Estou enganado, ou Bolsonaro quer levar uma parcela considerável dos brasileiros a acreditar que a vacina é um desperdício de recursos, que poderiam, então, ser mais bem aproveitados em outra área? É uma variante de sua opinião homicida de que o distanciamento social era desnecessário porque prejudicaria a economia.
QUESTÃO JUDICIAL
O presidente também decidiu peitar de saída o Supremo antes que este tome uma decisão sobre a obrigatoriedade da vacina ou de o governo oferecer a dita-cuja para todo mundo. Disse:
"Temos uma jornada pela frente, onde (sic) parece que foi judicializada essa 'cuestão'. E entendo que não é uma 'cuestão' de Justiça. É uma 'cuestão' de Saúde acima de tudo. Não pode um juiz decidir se você vai ou não tomar a vacina. Isso não existe".
Quem é o jurista que o instrui? André Mendonça, o terrivelmente sabujo? Quem lhe disse que uma 'cuestão' não pode ser, a um só tempo, "de Saúde e de Justiça"? Certamente o imbecil que o fez ignora os artigos 6º — cláusula pétrea da Constituição — e também o 196 e o 197. A saúde é um direito dos indivíduos e um dever do Estado.
Foi com base nessas disposições que o próprio Bolsonaro sancionou a Lei 13.979, que dá poder ao governante, inclusive aos governadores, para tornar a vacina obrigatória em sua esfera de competência. Talvez o Congresso deva voltar ao tema para impor sanções a quem se negar a tomar vacina sem ter uma justificativa médica. Que tal vetar o acesso a benefícios sociais e a linhas especiais de crédito? Ou instituir o carimbo em passaporte, de modo que o mundo saiba que, sendo brasileiro e não havendo a chancela, não está imunizado e pode carregar o patógeno?

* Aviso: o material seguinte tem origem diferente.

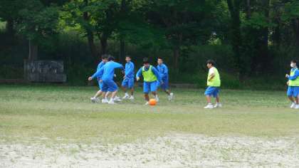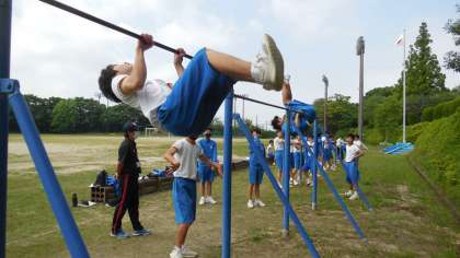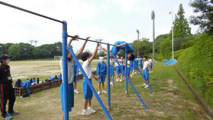 男子の体育の授業では、前半、後半に分けて、鉄棒とサッカーの2種目に取り組んでいました。1時間の授業時間の中で、体を動かす時間をしっかりと確保するための工夫です。こうしたところにも教師の技が見られます。
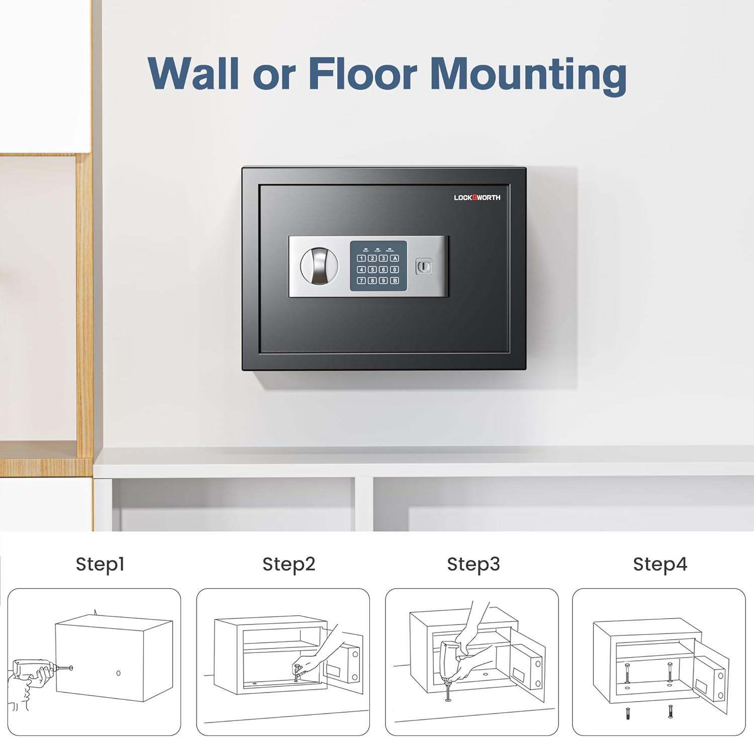 Keep your valuables secure with this 0.6 cubic feet digital security safe, perfect for home, office, hotel, or personal use. Designed to store money, jewelry, important documents, and firearms, this lock box provides peace of mind with digital keypad access and strong, durable construction.
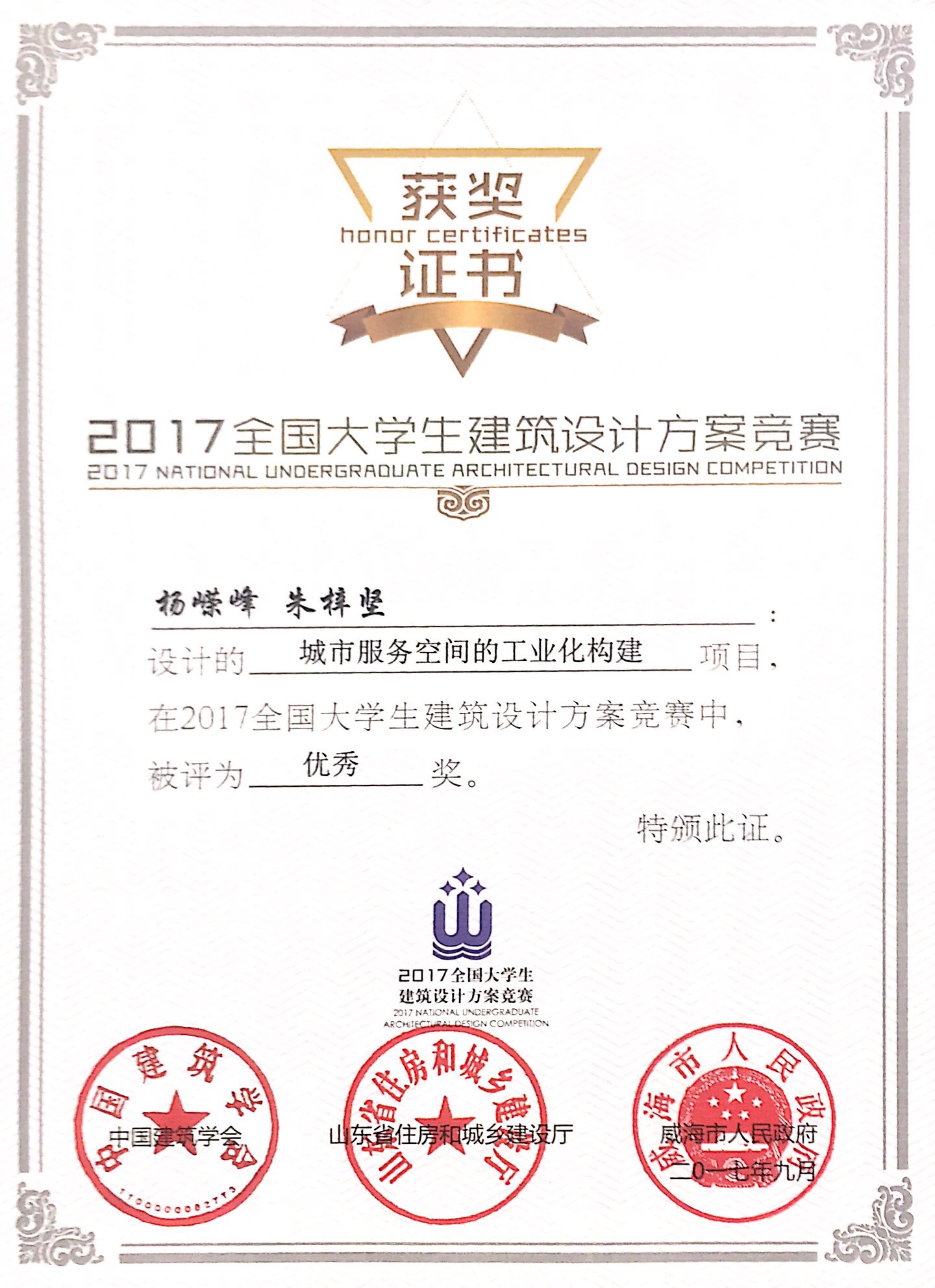 建筑学院2012级学生杨嵘峰、朱梓坚作品《城市服务空间的工业化构建》在第九届中国威海国际建筑设计大赛中获得优秀奖。
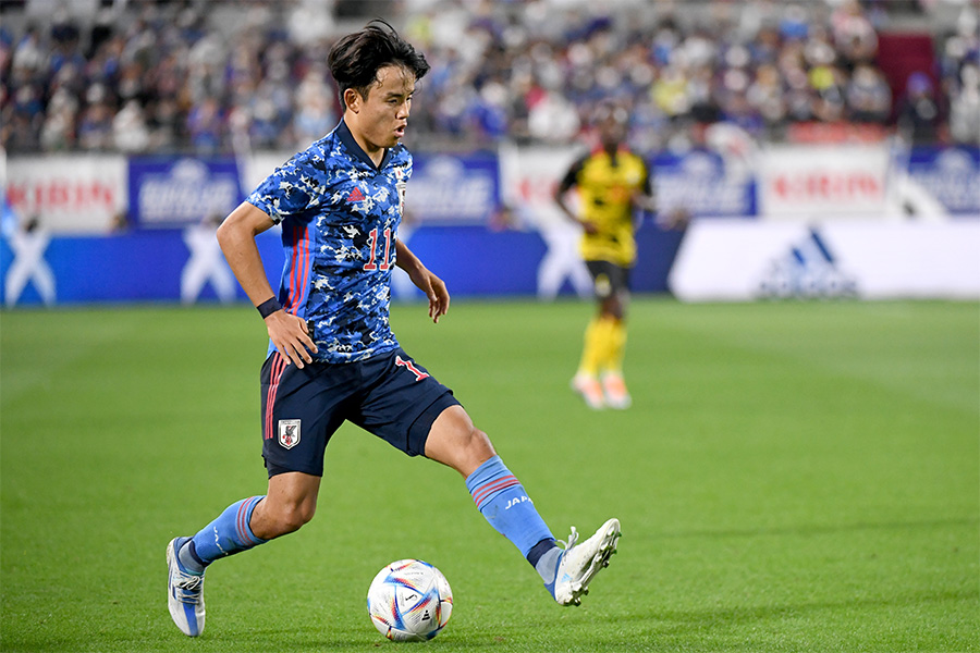 日本代表(FIFAランキング23位)は6月10日、ノエビアスタジアム神戸で行われたキリンカップでガーナ代表(同60位)と対戦し、4-1で勝利を収めた。国際Aマッチ17試合目の出場で代表初ゴールをマークしたMF久保建英(マジョルカ)が試合直後に自身のSNSを更新し、FW三笘薫(ロイヤル・ユニオン・サン=ジロワーズ)へ「薫君ありがとう」と感謝している。

"Autoritário"? Ah, não! Autoritário é reivindicar o direito de se contaminar e de sair por aí como uma bomba que asperge vírus, podendo vitimar pessoas às quais, por razões de saúde, a vacina não seja recomendada. O suicídio é um direito não escrito. Resistir a uma política pública para conter ou combater uma doença contagiosa é crime, segundo o Artigo 268 do Código Penal.
Os fanáticos de Bolsonaro o querem contra a vacina. Sua popularidade aumentou na pandemia. Isso não se deu em razão de suas opiniões sobre a Covid-19, mas do auxílio emergencial. Ocorre que, caso se encoste o ouvido ao peito de um bolsominion, lá bate um coração que rejeita a ajuda, ou porque considera que isso é "socialismo" ou porque acha que só é pobre quem é preguiçoso.
A vacina não deixa de ser uma aposta que o indivíduo faz no coletivo, expressão de um gesto de amor por si mesmo, mas também pelo outro. E esses caras só entendem o exercício da liberdade como expressão do ódio. Por isso, diga-se, chamam sua obsessão pelo politicamente incorreto de "liberdade de expressão", e o suposto direito de contaminar os outros de "liberdade".